En effet, si ce sont les idées qui sont aux prises dans une guerre, et si celle qui l'emporte est
nécessairement celle qui a le plus d'avenir, il fallait que celle-là remportât, et par conséquent qu'il y ait
guerre ; à moins que vous ne vouliez empêcher l'avenir, arrêter la civilisation, à moins que vous ne
vouliez que l'espèce humaine soit immobile et stationnaire. L'hypothèse d'un état de paix perpétuel
dans l'espèce humaine est l'hypothèse de l'immobilité absolue. Otez toute guerre, et au lieu de trois
époques il n'y en aura qu'une ; car s'il n'y a pas destruction d'une époque et victoire de l'autre, il est clair
que l'une ne cédera point la place à l'autre, et qu'il n'y aura jamais qu'une seule et même époque. Bien
plus, non seulement il n'y aura pas trois époques, mais même dans une époque donnée il n'y aura
aucun progrès ; car les différences ne se fondront pas, et les différents peuples resteront éternellement
dans l'abrutissement de l'idée exclusive qui les subjugue, et qui, bonne pour un temps, si elle ne se
modifiait jamais, serait la condamnation de ce peuple à une erreur perpétuelle. Ainsi un peuple n'est
progressif qu'à la condition de la guerre. Ce n'est pas moi qui le dis, c'est l'histoire : la guerre n'est pas
autre chose qu'un échange sanglant d'idées, à coups d'épée et à coups de canon ; une bataille n'est
pas autre chose que le combat de l'erreur et de la vérité ; je dis vérité , parce que dans une époque
donnée une moindre erreur est vérité relativement à une erreur plus grande ou à une erreur qui a fait
son temps ; la victoire et la conquête ne sont pas autre chose que la victoire de la vérité du jour sur la
vérité de la veille devenue l'erreur d'aujourd'hui.

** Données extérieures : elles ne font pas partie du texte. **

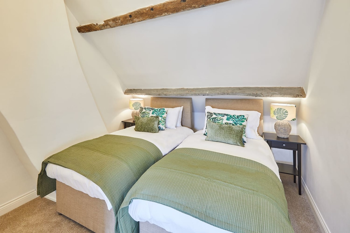 Located on the first floor, and home to a comfortable king size bed with luxury white bed linen, you’ll certainly enjoy your sleep in the master bedroom at Waterlily Cottage. There is plenty of room for storage with hangers and bedside drawers that are accompanied by lamps.

Aussi, messieurs, quand deux armées sont en présence, il se passe un bien plus grand spectacle que
celui dont la philanthropie détourne les yeux. Elle ne voit que des milliers d'hommes qui vont s'égorger,
ce qui est assurément un grand malheur. Mais d'abord la mort est un phénomène qui n'a pas lieu
seulement sur les champs de bataille ; et après tout, comme on l'a dit, la guerre change assez peu les
tables de mortalité. Et puis, ce n'est pas la mort qui est déplorable en soi ; c'est la mort injuste,
injustement donnée ou reçue. Que mille cœurs qui battaient tout à l'heure cessent de battre, c'est un fait
bien triste ; mais qu'une goutte de sang innocent soit versée, c'est plus qu'un fait pénible, c'est un mal et
un mal horrible. Un innocent qui périt doit mille fois plus exciter la douleur amère de l'humanité, que des
armées de héros qui savent qu'ils vont à la mort, et qui y vont librement pour une cause juste à leurs
yeux et qui leur est chère. Il n'y a point d'iniquité dans les grandes batailles, il ne peut même y en avoir ;
car ce ne sont pas les hommes ni leurs passions qui sont aux prises, ce sont des causes, ce sont les
esprits opposés d'une époque, ce sont les différentes idées qui, dans un siècle, animent et agitent
l'humanité. Voilà ce que la philanthropie ne voit pas, et ce qui a donné tant d'importance, tant d'intérêt,
tant de célébrité aux batailles."
Victor Cousin, Cours de philosophie.